Jika kita membuka lembaran hidup Natsir, kita memang menemukan sebuah perjalanan hidup yang menarik. Sebagai politisi, Natsir pernah menduduki posisi Perdana Menteri RI pertama tahun 1950-1951, setelah Indonesia kembali menjadi Negara Kesatuan Republik Indonesia (NKRI). Jasa Natsir dalam soal terbentuknya NKRI ini sangat besar. Pada 3 April 1950, sebagai anggota parlemen, Natsir mengajukan mosi dalam Sidang Parlemen RIS (Republik Indonesia Serikat). Mosi itulah yang dikenal sebagai ”Mosi Integral Natsir”), yang memungkinkan bersatunya kembali 17 Negara Bagian ke dalam NKRI.
Natsir bukan hanya pahlawan bagi Indonesia. Tetapi, dunia Islam sudah mengakuinya sebagai pahlawan yang melintasi batas bangsa dan negara. Tahun 1957, Natsir menerima bintang ’Nichan Istikhar’ (Grand Gordon) dari Presiden Tunisia, Lamine Bey, atas jasa-jasanya dalam membantu perjuangan kemerdekaan rakyat Afrika Utara. Tahun 1980, Natsir juga menerima penghargaan internasional (Jaa-izatul Malik Faisal al-Alamiyah) atas jasa-jasanya di bidang pengkhidmatan kepada Islam untuk tahun 1400 Hijriah. Penghargaan serupa pernah diberikan kepada ulama besar India, Syekh Abul Hasan Ali an-Nadwi dan juga kepada ulama dan pemikir terkenal Abul A’la al-Maududi. Karena itulah, hingga akhir hayatnya, tahun 1993, Natsir masih menjabat sebagai Wakil Presiden Muktamar Alam Islami dan anggota Majlis Ta’sisi Rabithah Alam Islami.
Adalah menarik jika menilik riwayat pendidikan Natsir. Tahun 1916-1923 Natsir memasuki HIS (HollandsInlandscheSchool) di Solok. Sore harinya, ia menimba ilmu di Madrasah Diniyah. Tahun 1923-1927, Natsir memasuki jenjang sekolah MULO (Meer Uitgebreid Lager Onderwijs) di Padang. Lalu, pada 1927-1930, ia memasuki jenjang sekolah lanjutan atas di AMS (AlgemeneMiddelbareSchool) di Bandung.

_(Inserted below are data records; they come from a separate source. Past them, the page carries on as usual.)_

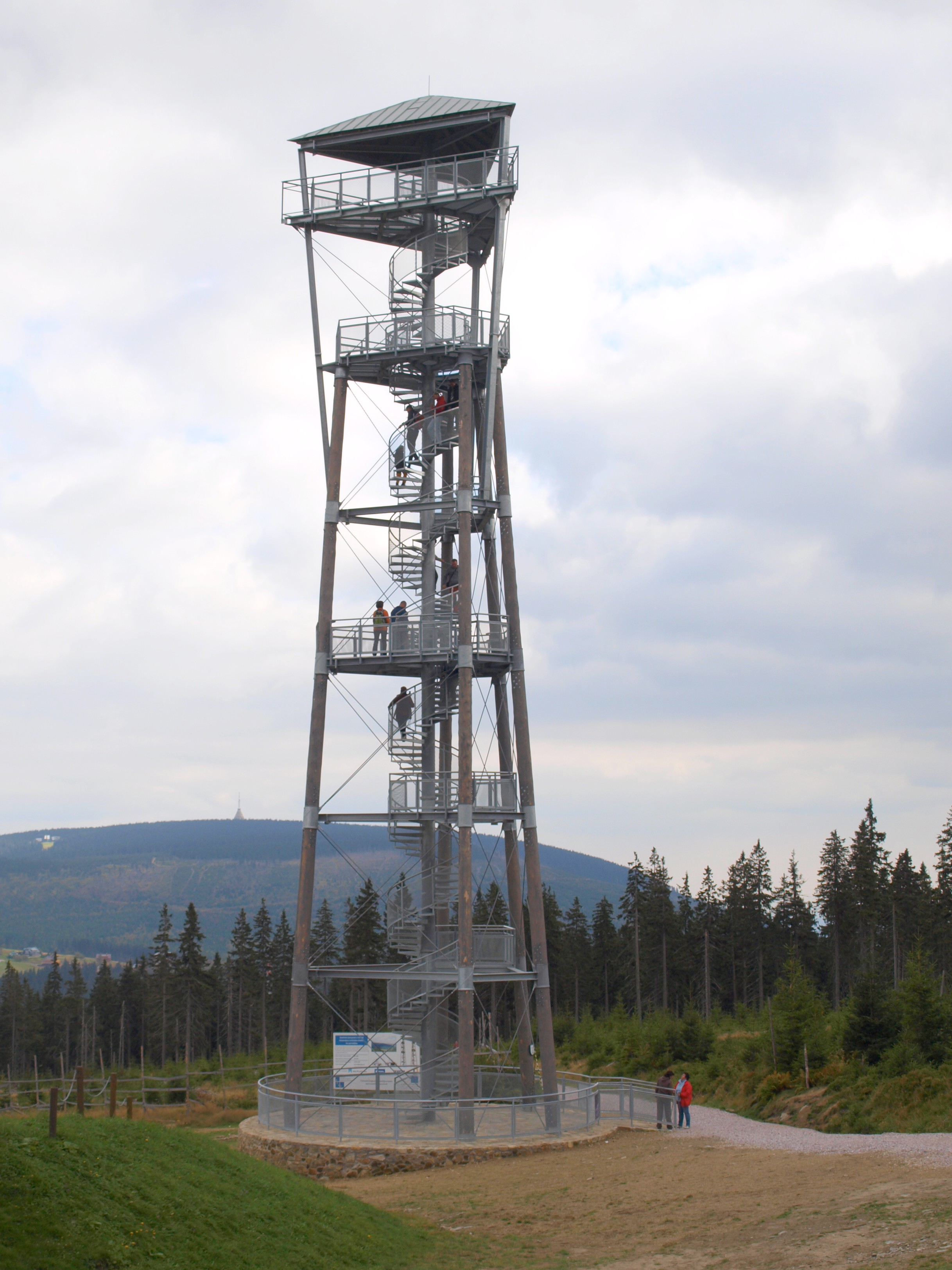 Watchtower Hnědý vrch, Krkonoše
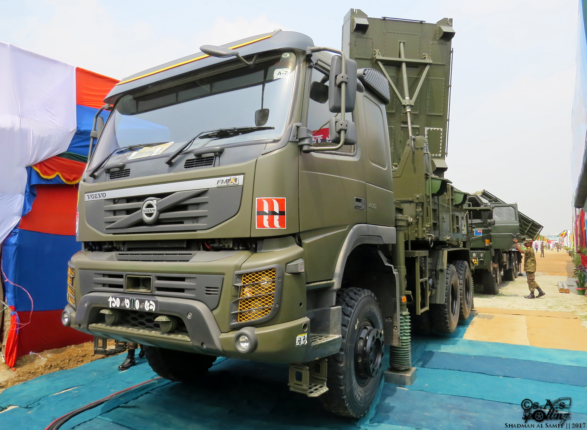 VGTJ/ MHD 2017: The FM400 cab's really comfy!
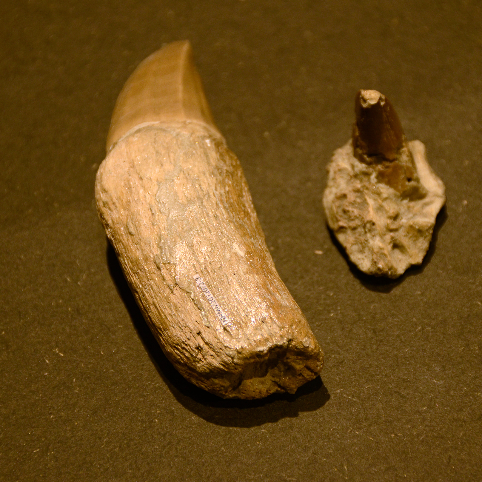 Teeth of Mosasaurus hoffmanni. Natural History Museum of Maastricht.

Lulus dengan nilai tinggi, ia sebenarnya berhak melanjutkan kuliah di Fakultas Hukum di Batavia, sesuai dengan keinginan orang tuanya, agar ia menjadi Meester in de Rechten, atau kuliah ekonomi di Rotterdam. Terbuka juga peluang Natsir untuk menjadi pegawai negeri dengan gaji tinggi. Tetapi, semua peluang itu tidak diambil oleh Natsir, yang ketika itu sudah mulai tertarik kepada masalah-masalah Islam dan gerakan Islam. Natsir mengambil sebuah pilihan yang berani, dengan memasuki studi Islam di ‘Persatuan Islam’ di bawah asuhan Ustad A. Hasan.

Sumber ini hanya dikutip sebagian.